Amplitudes and durations were measured at the lowest stimulus intensity that
elicited a maximum response. 5. Extracellular field potential responses from
electrode controls did not differ from naives qualitatively with respect to
morphology of field potential responses or quantitatively with respect to
response duration and amplitude. Field potential responses in tissue from
post-SSLSE rats differed markedly in morphology from naive and electrode
controls, being more complex, significantly longer in duration and decreased
in amplitude. These epileptiform responses were shortened markedly by blockade
of NMDA receptors with APV, but this manipulation did not convert responses to
a normal morphology. These responses were abolished by blockade of non-NMDA
mediated ionotropic glutamate receptors with DNQX. 6. During intracellular
recordings of neurons in slices from both control and epileptic animals,
neurons were quiescent under resting conditions, in the absence of electrical
stimulation. 7. Intracellular responses in electrode controls were identical
to naive, and together were considered "controls." In control tissue, evoked
intracellular responses were similar to those previously described and most
commonly consisted of an excitatory postsynaptic potential (EPSP) which was
partially blocked by the NMDA-receptor antagonist APV, followed by
hyperpolarizing potentials which were identified electrophysiologically and
pharmacologically as GABA A and GABA B receptor-mediated inhibitory
postsynaptic potentials (IPSPs).

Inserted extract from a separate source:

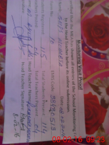 | Certified that this School was Inspected by the Undersigned MEA/DMO Today and the Information Stated Above is as Per Record. | |||||
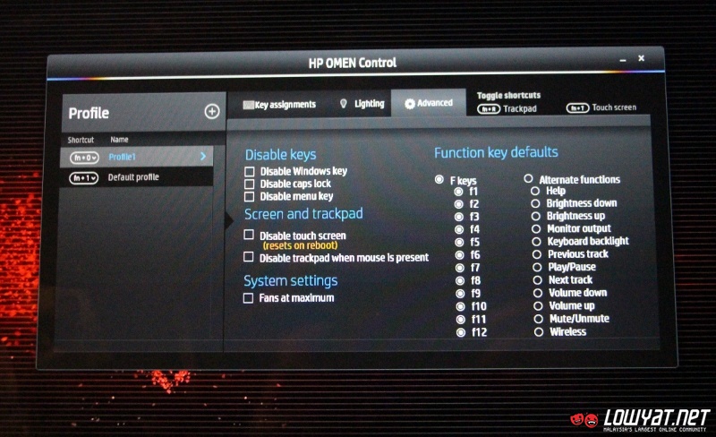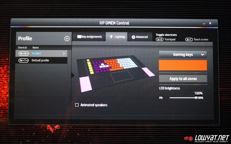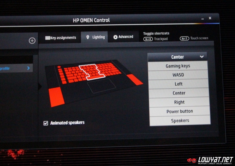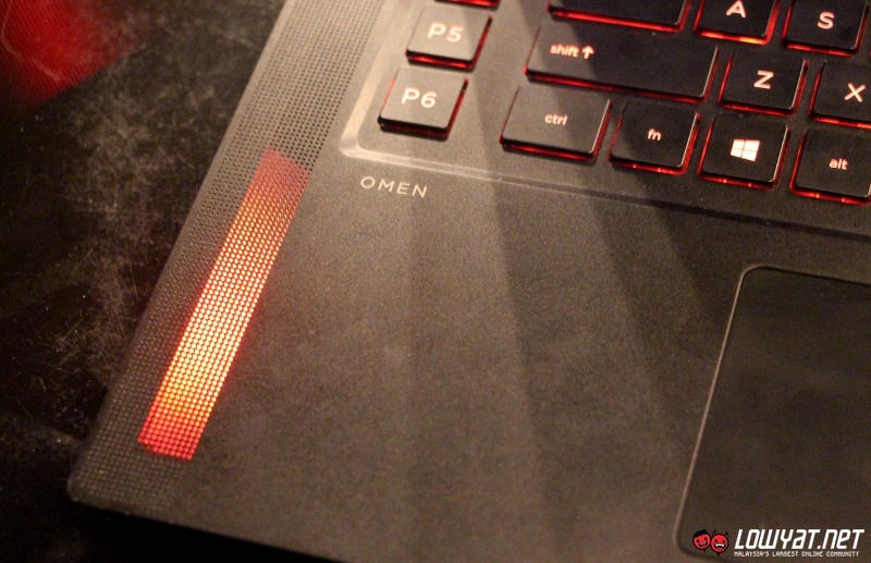 Just like many gaming laptops out there, the HP Omen also comes standard with a backlit keyboard but instead of a boring single colour keyboard, the laptop’s keyboard is divided into five separate light zones that can be customized using a software called HP Omen Control. The software also allow users to set light colours for the laptop’s power button and Beats Audio speakers in addition to shortcut keys.

EPSPs were completely blocked by DNQX. 8. In
chronically epileptic tissue, evoked intracellular responses differed markedly
from responses in control animals, exhibiting all-or-none prolonged paroxysmal
depolarizing events with multiple superimposed action potentials in response
to a single shock. These depolarizing events were reduced in duration and
amplitude, but not abolished, in APV. IPSPs were not seen or markedly reduced
at all stimulus intensities. These intracellular responses never resembled
control responses. Intracellular responses correlated precisely in morphology
and duration with extracellular field potentials. 9. In chronically epileptic
tissue with the monosynaptic protocol used to directly activate inhibitory
interneurons, hyperpolarizing potentials were evoked which were
electrophysiologically and pharmacologically identified as GABA A and GABA B
receptor-mediated IPSPs and did not differ from monosynaptic IPSPs in control
animals. 10. The findings are consistent with the hypothesis that superficial
layer EC cells are hyperexcitable, as in CA1, in this model and that this is
due to augmented excitation and impaired inhibition, possibly because
GABAergic inhibitory interneurons are dormant (disconnected from excitatory
input). 11. These results constitute the first study of the EC in an animal
model of chronic temporal lobe epilepsy and provide evidence of
electrophysiologic changes outside of the hippocampus.
Received 1 June 1995; accepted in final form 27 June 1996.
APS Manuscript Number J357-5.
Article publication pending J. Neurophysiol.